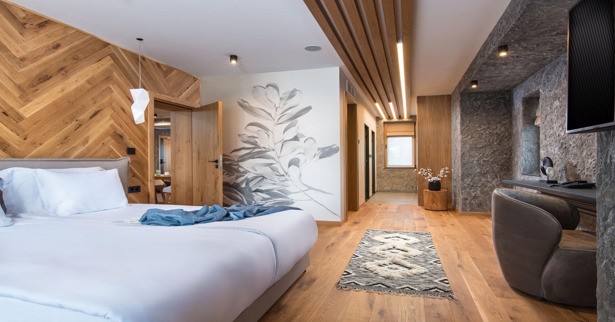 Едноспален апартамент делукс (60-65 кв.м.) - две отделни, преходни помещения (спалня и всекидневна), двойно легло в спалнята, допълнително легло - модулен диван в дневната, просторна гардеробна, машина със зареден сет селектирани топли напитки - чай и кафе, сейф с капацитет за лаптоп, Wi-Fi, широкоекранен телевизор, баня с душ кабина, висок клас козметика, подово отопление и сешоар, ежедневно освежаване на апартамента, индивидуален контрол на климатичната система, мини бар, панорамна тераса.
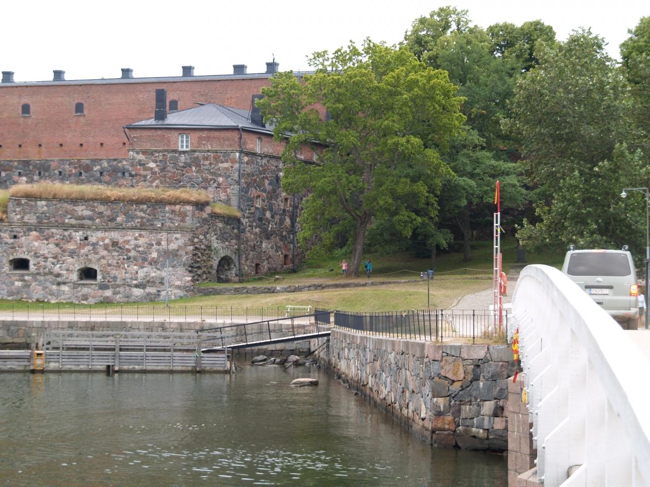 スオメンリンナ博物館前の橋。要塞の中心部に向かう。この博物館は、ショップも兼ねており公共トイレの最終点である。
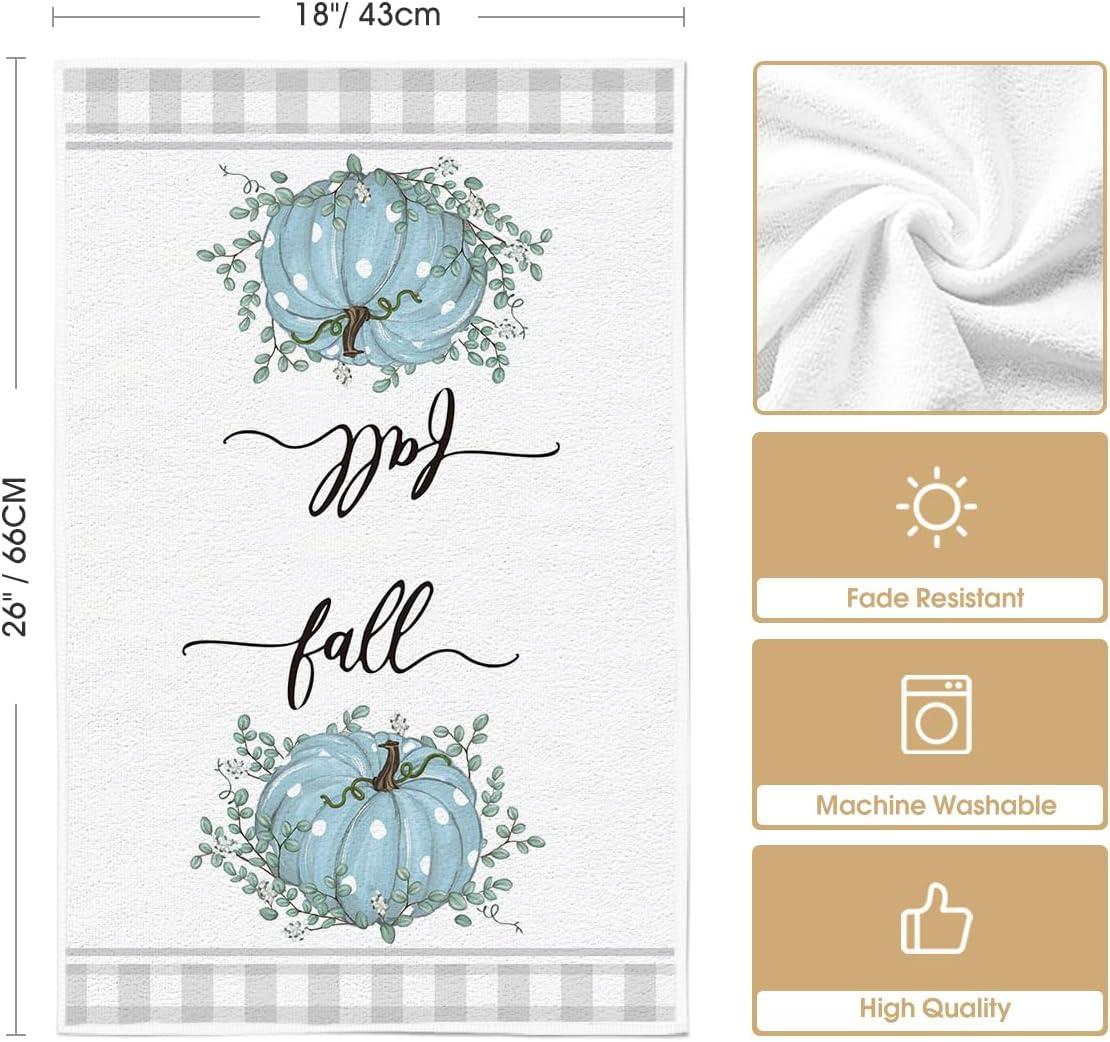Artoid Mode Buffalo Plaid Eucalyptus Leaves Pumpkin Fall Kitchen Towels Dish Towels, 18×26 Inch Farmhouse Thanksgiving Decoration Hand Towels Set of 2(Blue/Beige)
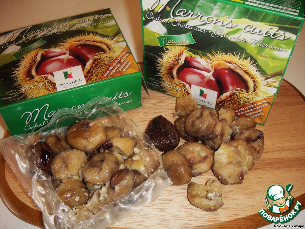 Мне удалось купить только уже готовые каштаны. Если вам посчастливилось достать свежие, то их необходимо очистить от кожуры и замочить в воде на ночь. А на следующий день залить кипятком, чтобы слезла вторая кожица, и промыть холодной водой.
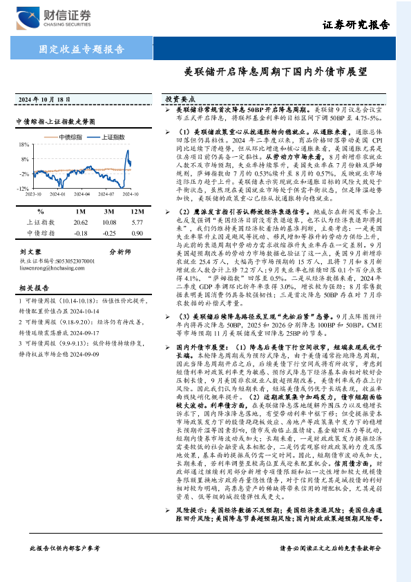 【财信证券】【20241018】固定收益专题报告:美联储开启降息周期下国内外债市展望-25页
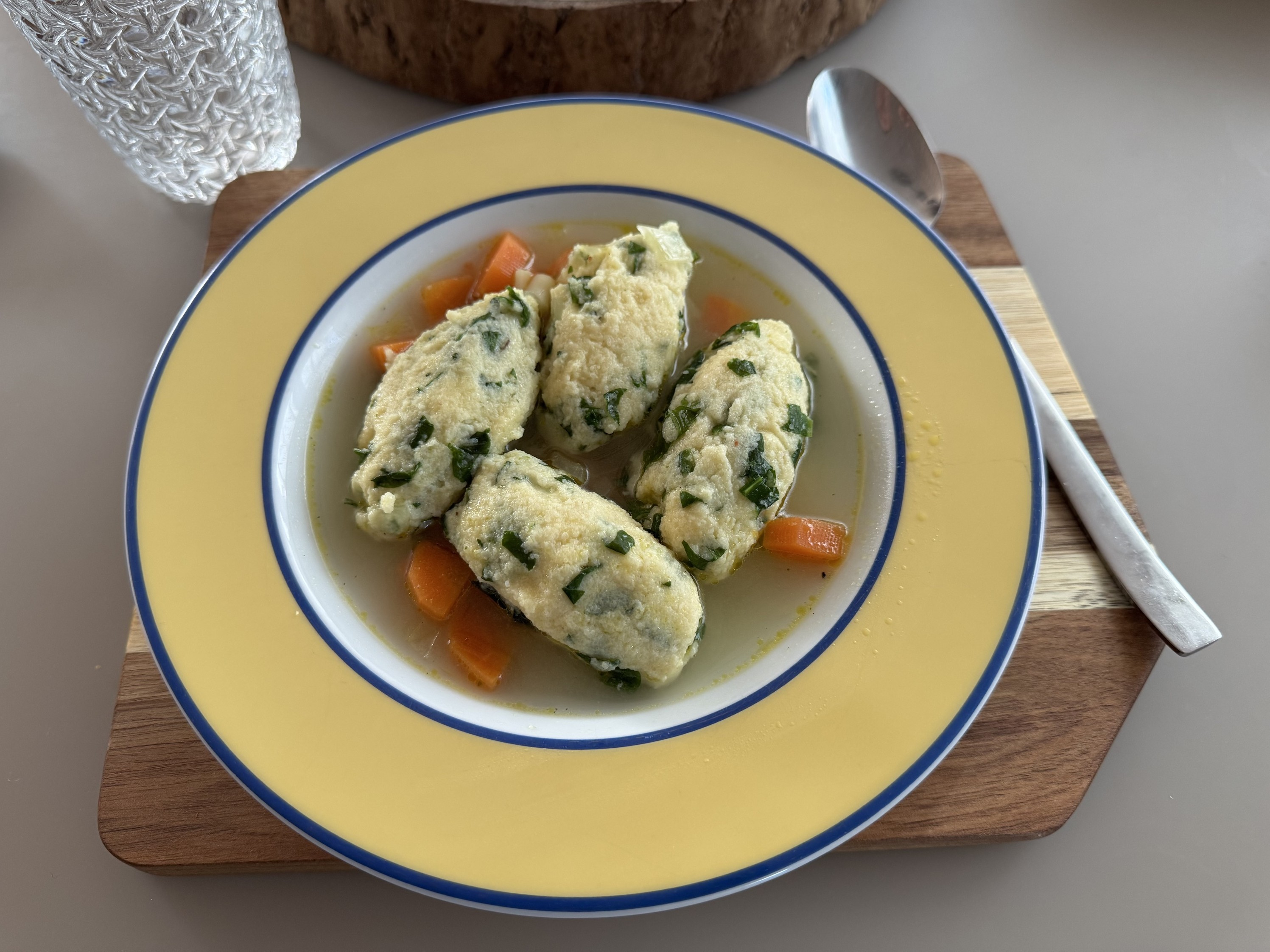 Die Bärlauch-Klößchen zusammen mit der Brühe heiß servieren. Guten Appetit!
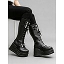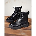 Schwarze, halbhohe Schnürstiefel für Damen, Stiefel im Gothic-Punk-Stil mit dickem Absatz für Freizeit, Ausgehen und Streetwear |
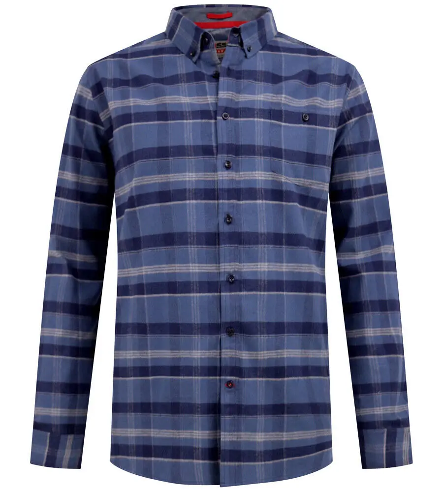 Långärmad skjorta från D555 i blå rutor med en skogshuggarinspirerad look. Skjortan har button-down-krage, bröstficka och klassisk knappslå. Färgerna är i ljusblå och mörkblå nyanser, vilket ger ett lugnt och tidlöst uttryck. Den passar perfekt för vardagsbruk, avslappnade dagar och som ett informellt alternativ till mer formella skjortor.

☆ ☆ ☆ ☆ ☆

→ THE PROBLEM
Give back the records above word for word, minus any image they hold.

→ EXERCISE ANSWER
 Едноспален апартамент делукс (60-65 кв.м.) - две отделни, преходни помещения (спалня и всекидневна), двойно легло в спалнята, допълнително легло - модулен диван в дневната, просторна гардеробна, машина със зареден сет селектирани топли напитки - чай и кафе, сейф с капацитет за лаптоп, Wi-Fi, широкоекранен телевизор, баня с душ кабина, висок клас козметика, подово отопление и сешоар, ежедневно освежаване на апартамента, индивидуален контрол на климатичната система, мини бар, панорамна тераса.
 スオメンリンナ博物館前の橋。要塞の中心部に向かう。この博物館は、ショップも兼ねており公共トイレの最終点である。
Artoid Mode Buffalo Plaid Eucalyptus Leaves Pumpkin Fall Kitchen Towels Dish Towels, 18×26 Inch Farmhouse Thanksgiving Decoration Hand Towels Set of 2(Blue/Beige)
 Мне удалось купить только уже готовые каштаны. Если вам посчастливилось достать свежие, то их необходимо очистить от кожуры и замочить в воде на ночь. А на следующий день залить кипятком, чтобы слезла вторая кожица, и промыть холодной водой.
 【财信证券】【20241018】固定收益专题报告:美联储开启降息周期下国内外债市展望-25页
 Die Bärlauch-Klößchen zusammen mit der Brühe heiß servieren. Guten Appetit!
 Schwarze, halbhohe Schnürstiefel für Damen, Stiefel im Gothic-Punk-Stil mit dickem Absatz für Freizeit, Ausgehen und Streetwear |
 Långärmad skjorta från D555 i blå rutor med en skogshuggarinspirerad look. Skjortan har button-down-krage, bröstficka och klassisk knappslå. Färgerna är i ljusblå och mörkblå nyanser, vilket ger ett lugnt och tidlöst uttryck. Den passar perfekt för vardagsbruk, avslappnade dagar och som ett informellt alternativ till mer formella skjortor.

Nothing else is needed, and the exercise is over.